I think that piecewise objectives are quite reasonable and natural—and I don’t think they’ll make transparency that much harder. I don’t think there’s any reason that we should expect objectives to be continuous in some nice way, so I fully expect you’ll get these sorts of piecewise jumps. Nevertheless, the resulting objective in the piecewise case is still quite simple such that you should be able to use interpretability tools to understand it pretty effectively—a switch statement is not that complicated or hard to interpret—with most of the real hard work still primarily being done in the optimization.
I do think there are a lot of possible ways in which the interpretability for mesa-optimizers story could break down—which is why I’m still pretty uncertain about it—but I don’t think that a switch-case agent is such an example. Probably the case that I’m most concerned about right now is if you get an agent which has an objective which changes in a feedback loop with its optimization. If the objective and the optimization are highly dependent on each other, then I think that would make the problem a lot more difficult—and is the sort of thing that humans seem to do, which suggests that it’s the sort of thing we might see in AI systems as well. On the other hand, a fixed switch-case objective is pretty easy to interpret, since you just need to understand the simple, fixed heuristics being used in the switch statement and then you can get a pretty good grasp on what your agent’s objective is.

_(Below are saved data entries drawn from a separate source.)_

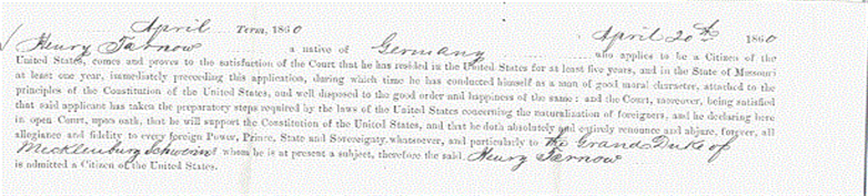 Henry Frederick William Tarnow is my first Tarno ancestor to come to America. He was born 27 November 1818 in Mecklenburg-Schwerin, Germany. Henry is the son of Joachim Jacob Daniel TARNOW born 14 SEP 1782 in Mecklenburg, Mecklenburg-Schwerin, Germany and Agneta Dorothea Elisabeth CRULL born 28 OCT 1788 in Mecklenburg, Mecklenburg-Schwerin, Germany. As far as I know Henry only had one sibling, Agnes Dorothea Sophia TARNOW born 25 DEC 1815 in Rostock, Germany. Henry Tarnow and Nancy Sheffield were married 26 August 1855 in Jefferson County, MO. Their children are: Mary Margaret Tarno, b. 05 May 1857 John William Tarno, b. 29 March 1858 Charles Henry Tarno, b. 30 May 1859 in Missouri Albert Lorenzo Tarno, b. 05 September 1860; d. 28 August 1861. Amandus M. Tarno, b. 20 January 1862 Andrew Jackson Tarno, b. 30 January 1863; d. 13 October 1866. James Augustus Tarno, b. 14 January 1865; d. 16 March 1878. Henry Edward Tarno, b. 09 August 1866 Nancy Meleta Tarno, b. 05 January 1869 Agness Tarno, b. 09 January 1871; d. Abt. 1873 Henry applied for American citizenship on 31 March 1849 in St. Louis, MO. and became a citizen 20 April 1860 in St. Louis, Missouri.
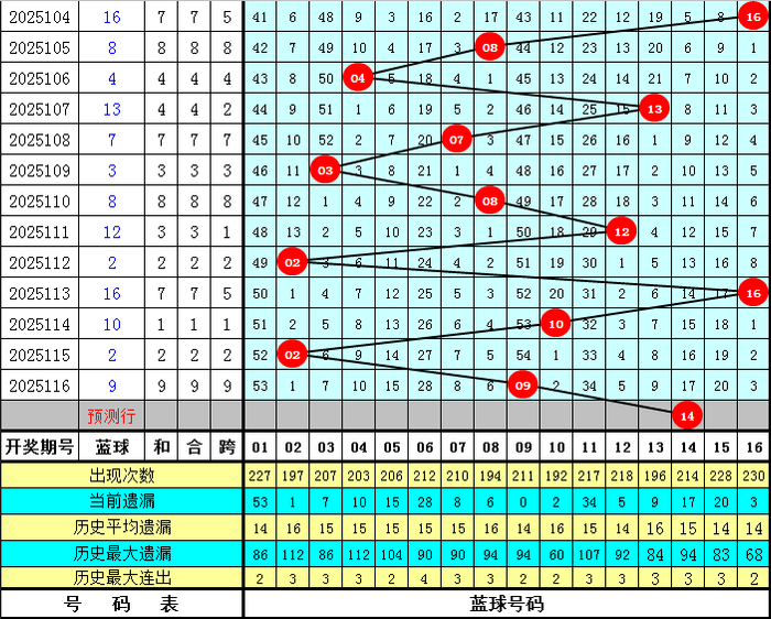 蓝球分析(界说:01-04为一区,05-08为二区,09-12为三区,13-16为四区):上期蓝球开出三区号码09,最近10期蓝球四区落号比为3:2:3:2,总体上各区蓝球走势基本均衡,本期蓝球看好在第四区开出,独蓝参考14。
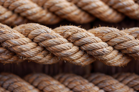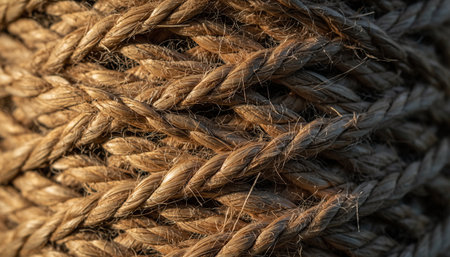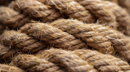 Macro shot of thick, intertwined brown ropes, capturing the detailed texture and fibers, creating a strong and rugged visual effect.
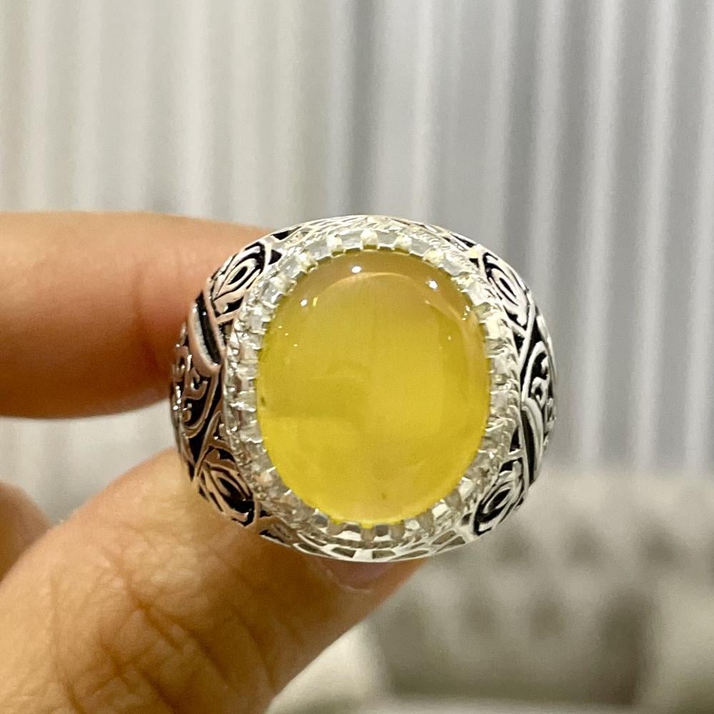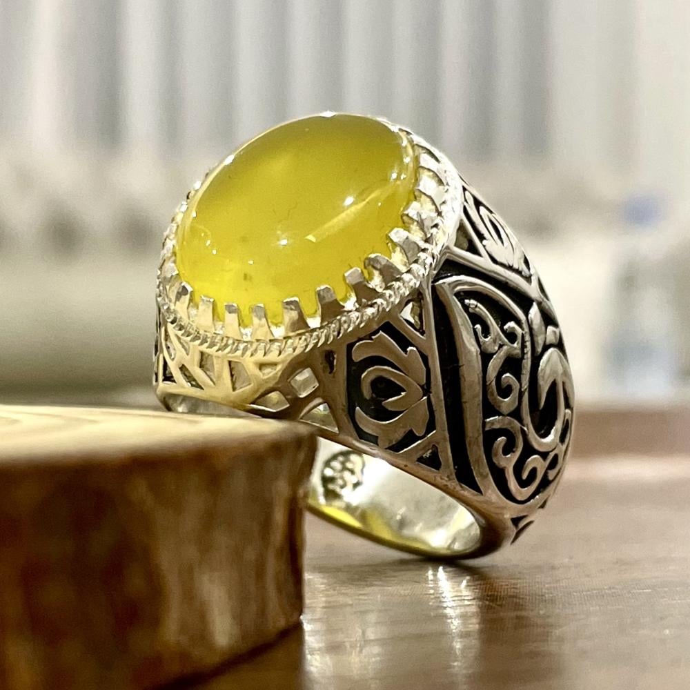خاتم فضة رجالي بحجر عقيق خرساني اصفر شرف الشمس

Where I start to get concerned is when those switch statements themselves depend upon the agent’s own optimization—a recursion which could possibly be many layers deep and quite difficult to disentangle. That being said, even in such a situation you’re still using search to get your robust capabilities.

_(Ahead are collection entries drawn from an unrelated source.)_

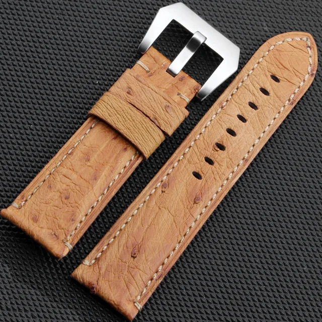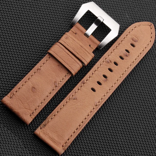 [해외]Jawoder 시계 밴드 24 미리메터 브라운/블랙/그레이/orange/라이트 브라운 타조 가죽 시계 스트랩 스테인레스 스틸 버클 팬
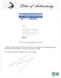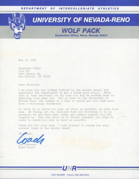 This is a 1988 University of Nevada-Reno Shaquille O'Neal Recruitment Letter has been written to Shaquille O'Neal. This recruitment letter was signed by Len Stevens, the Head Basketball Coach of University of Nevada-Reno. Stevens' signature is not authenticated. This recruitment letter will come with a Letter of Authenticity from Shaquille O'Neal, which has been signed in the presence of a Beckett representative. This letter will come with its original envelope. This letter was was kept in Shaquille O'Neal's personal collection since it was received.
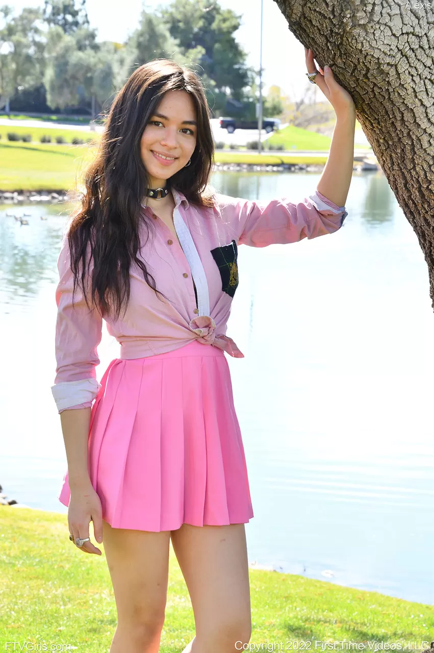 Симпатичная любительница Алексис показывает свою киску на публике во время действия без трусиков и верхней юбки

If one’s interpretation of the ‘objective’ of the agent is full of piecewise statements and ad-hoc cases, then what exactly are we doing it by describing it as maximizing an objective in the first place? You might as well describe a calculator by saying that it’s maximizing the probability of outputting the following [write out the source code that leads to its outputs]. At some point the model breaks down, and the idea that it is following an objective is completely epiphenomenal to its actual operation. The model that it is maximizing an objective doesn’t shed light on its internal operations any more than just spelling out exactly what its source code is.
I don’t feel like you’re really understanding what I’m trying to say here. I’m happy to chat with you about this more over video call or something if you’re interested.
Sure, we can talk about this over video. Check your Facebook messages.